Suriye Krizi'nin patlak verdiği günlerde bu ülkeye giden yandaş
bir gazeteci: “Tunus'ta, Libya'da, Mısır'da liderleri
deviren mücahitler şimdi de cihat için
Suriye'deler”demiş, Beşar Esad'ın
yakında devrileceği müjdesini (!) vermişti!
Ben de bunun “Emperyalizmin kazanacağı
cihat”olduğunu yazmıştım!..
* * *
Zira dönemin Başbakanı Tayyip Erdoğan'ın eş başkanı olduğunu
belirttiği Büyük Ortadoğu Projesi'nin (BOP) asıl
hedefinin Ortadoğu'yu istikrarsızlaştırmak, ülkeleri bölüp
parçalamak ve mezhep çatışmalarıyla Müslümanları birbirine
kırdırmak olduğunu görüyordum.
İsrail'in güvenliğinin birinci öncelik olduğunu, son
aşamada da Büyük Kürt Devleti'nin kurulmasının tezgahlanmaya
çalışılacağının farkındaydım.
Bu gerçeği anlamak için Ortadoğu uzmanı olmaya da gerek
yoktu!

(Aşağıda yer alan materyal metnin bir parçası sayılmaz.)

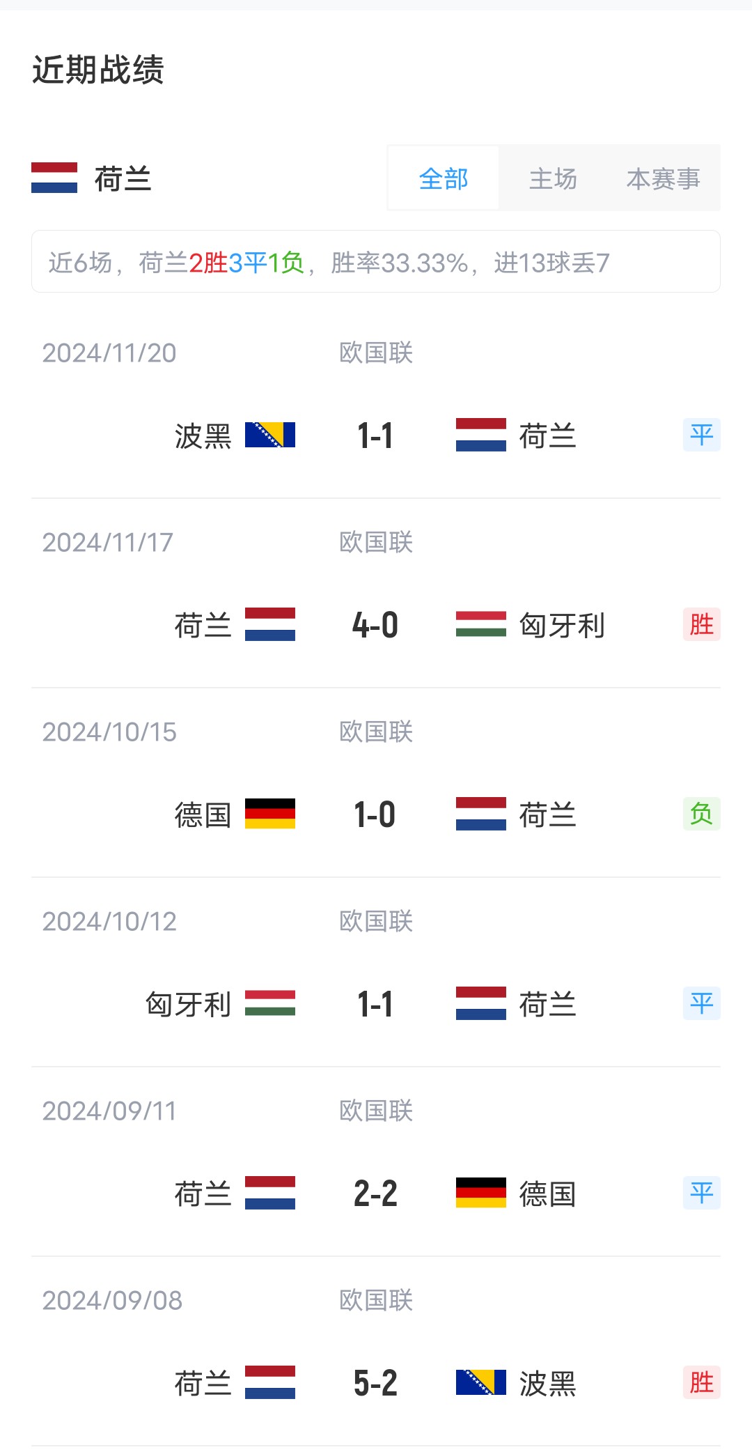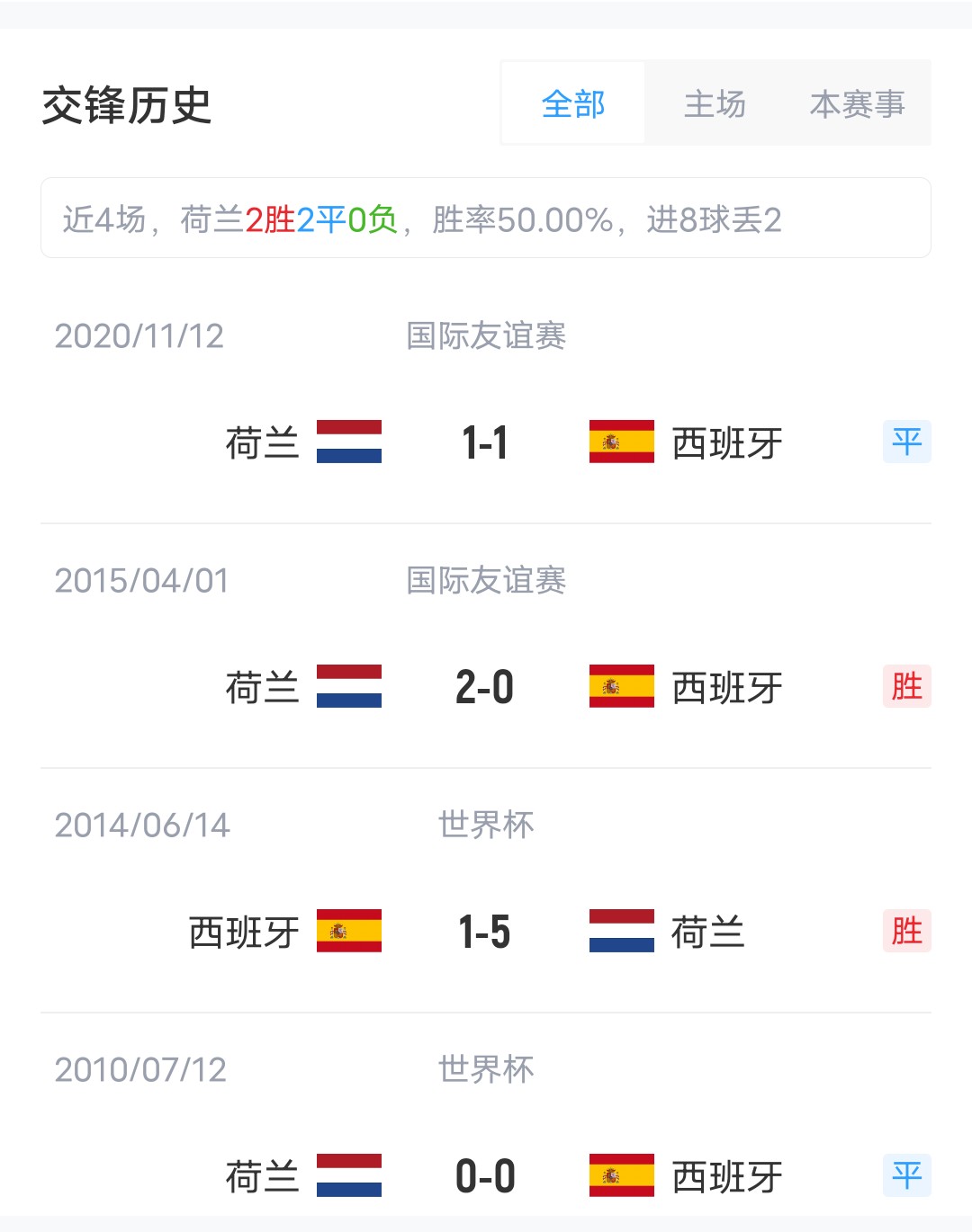 雙方近4場交鋒,荷蘭取得2勝2平的戰(zhàn)績稍居上風(fēng)。

CIA'nın eski Ortadoğu Bölge Şefi Robert
Baer'in ürkütücü bir cesaret ve açık sözlülükle dile
getirdiklerini okumak bile
yeterliydi.
Zira Baer, gerek yazdığı kitapta, gerekse televizyon
konuşmalarında “Sünni-Şii savaşını tetikleyelim!
Ayrıca niye biz ölelim ki? Bırakalım Sünni ve Şii Müslümanlar kendi
aralarında birbirlerini öldürsünler” diyordu.
Bununla da yetinmiyor, Ortadoğu'da sınırların yeniden
düzenleneceğini itiraf ediyordu!..
* * *
Ama gel de bu çırılçıplak gerçeği,
gözleri “Stratejik Derinlik (!)”ten başka bir
şeyi göremeyen yeni Türkiye'nin yeni Enver Paşalar'ına anlat!..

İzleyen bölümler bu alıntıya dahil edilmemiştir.